▶ [TASK GOAL]: Starting at the line that contains "- Scheme (مخطط): لإدارة", return every line through the end of the data exactly, without pictures.

Records from a collection
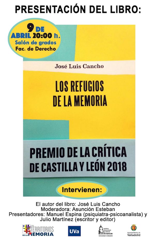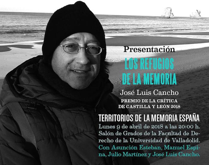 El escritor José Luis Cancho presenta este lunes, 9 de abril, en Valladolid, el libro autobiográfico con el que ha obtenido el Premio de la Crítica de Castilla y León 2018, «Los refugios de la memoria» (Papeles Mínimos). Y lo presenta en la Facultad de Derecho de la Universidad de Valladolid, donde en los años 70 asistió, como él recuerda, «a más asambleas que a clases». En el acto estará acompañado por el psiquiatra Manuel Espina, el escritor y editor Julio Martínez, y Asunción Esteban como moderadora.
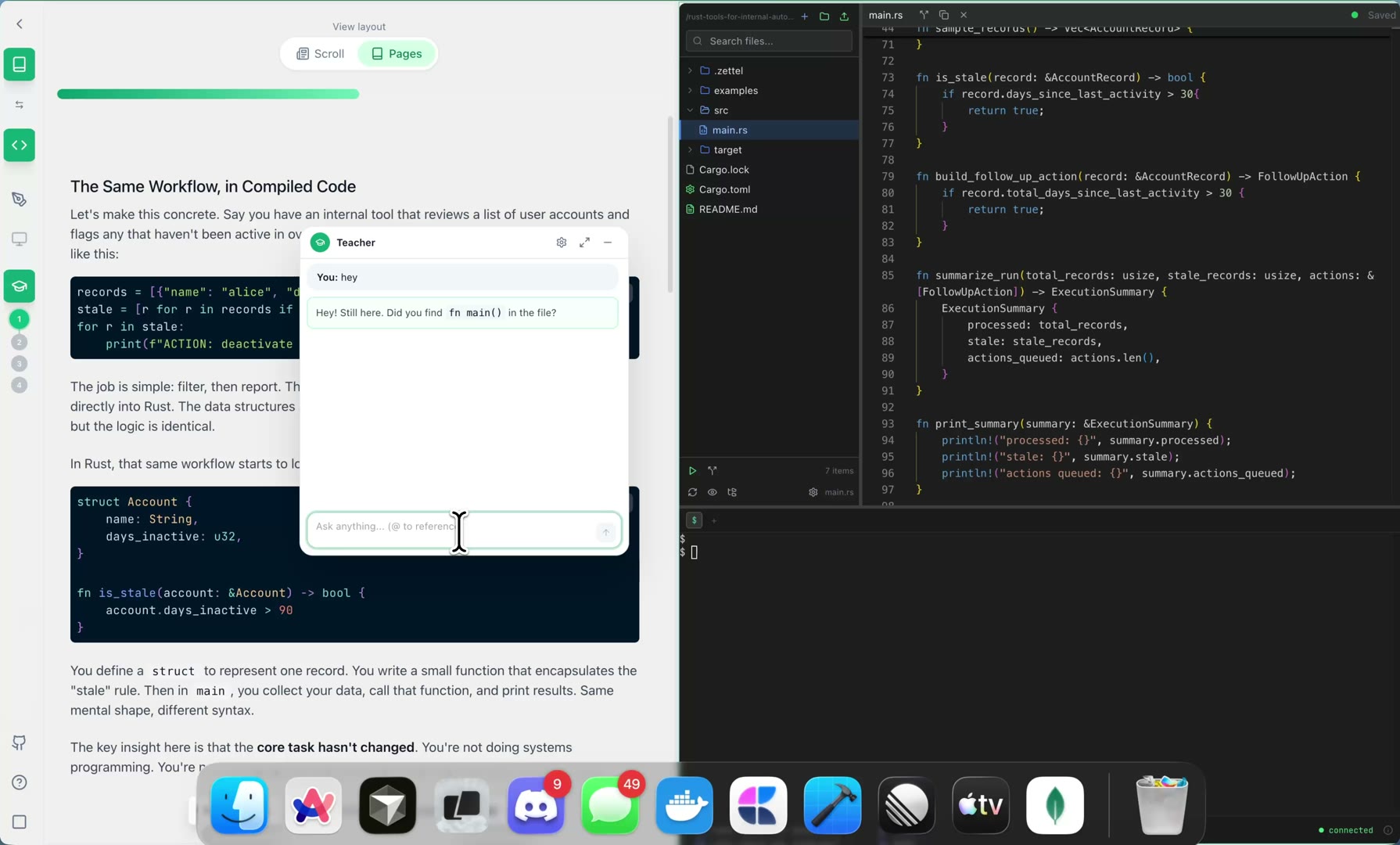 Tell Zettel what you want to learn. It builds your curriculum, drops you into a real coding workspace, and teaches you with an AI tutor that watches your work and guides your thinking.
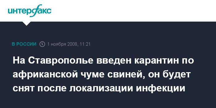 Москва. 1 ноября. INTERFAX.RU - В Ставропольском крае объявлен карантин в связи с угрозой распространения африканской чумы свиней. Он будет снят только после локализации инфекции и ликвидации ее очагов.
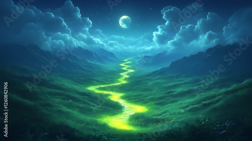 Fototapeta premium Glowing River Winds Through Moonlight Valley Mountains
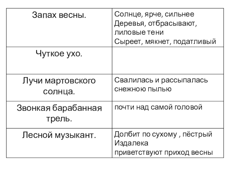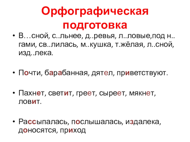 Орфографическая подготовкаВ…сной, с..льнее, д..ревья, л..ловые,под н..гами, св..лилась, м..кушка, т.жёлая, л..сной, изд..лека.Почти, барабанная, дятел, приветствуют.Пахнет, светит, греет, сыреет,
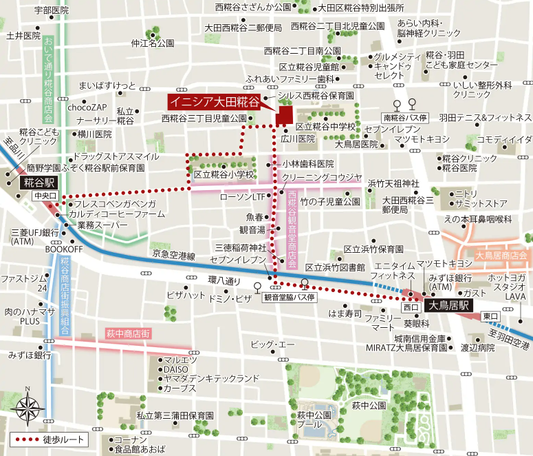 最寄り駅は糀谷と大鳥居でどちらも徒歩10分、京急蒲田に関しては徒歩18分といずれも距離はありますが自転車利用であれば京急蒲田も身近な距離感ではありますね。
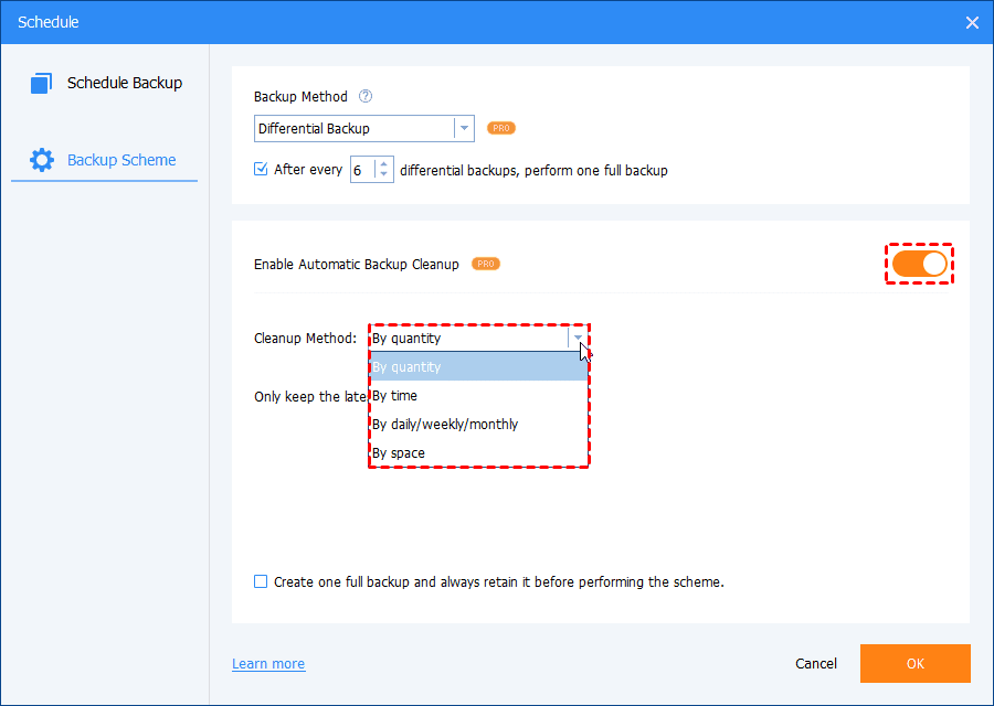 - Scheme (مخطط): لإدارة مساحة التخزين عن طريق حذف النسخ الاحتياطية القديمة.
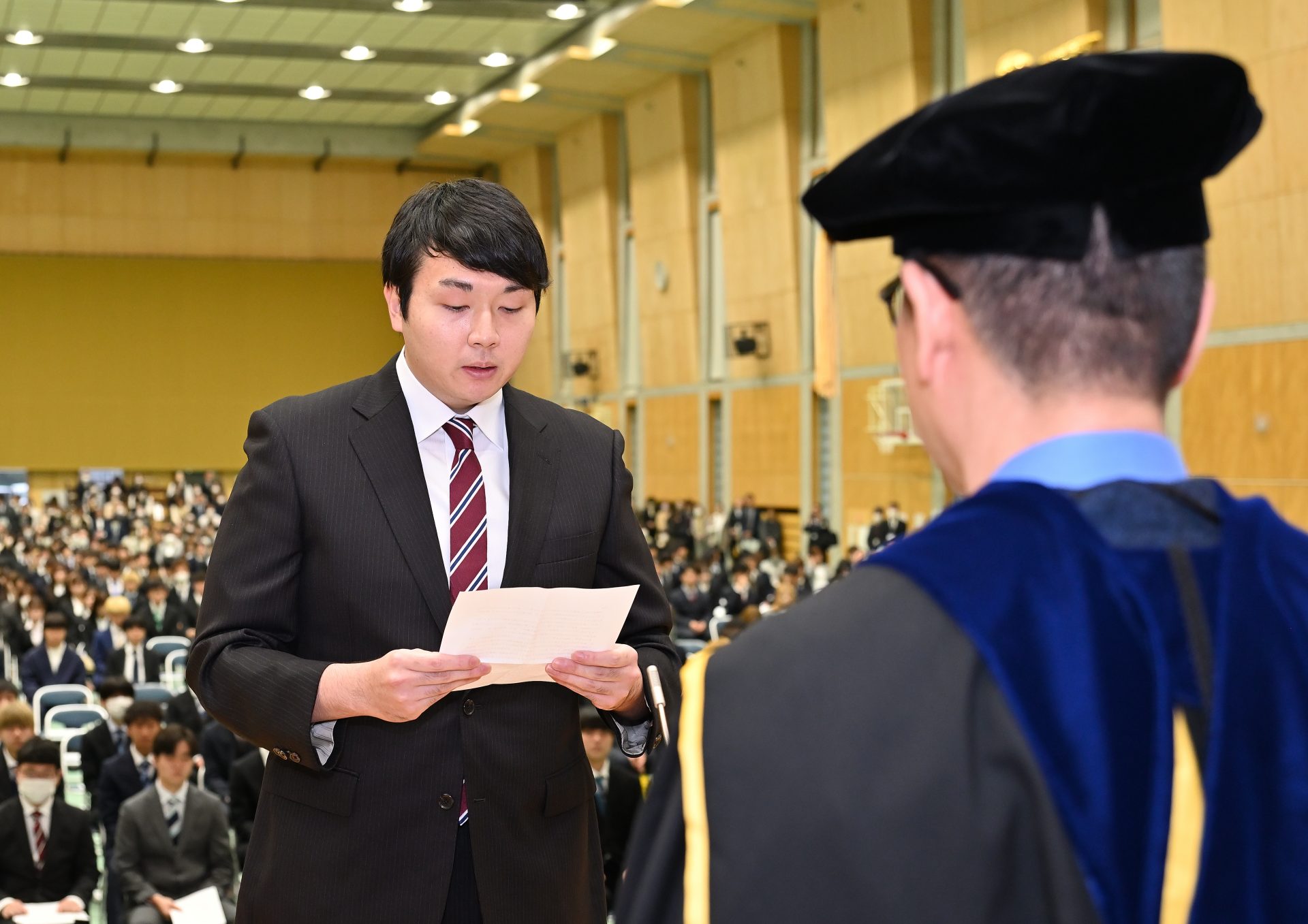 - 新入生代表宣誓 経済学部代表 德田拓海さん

▶ [SOLUTION FOR THIS PROBLEM]:
 - Scheme (مخطط): لإدارة مساحة التخزين عن طريق حذف النسخ الاحتياطية القديمة.
 - 新入生代表宣誓 経済学部代表 德田拓海さん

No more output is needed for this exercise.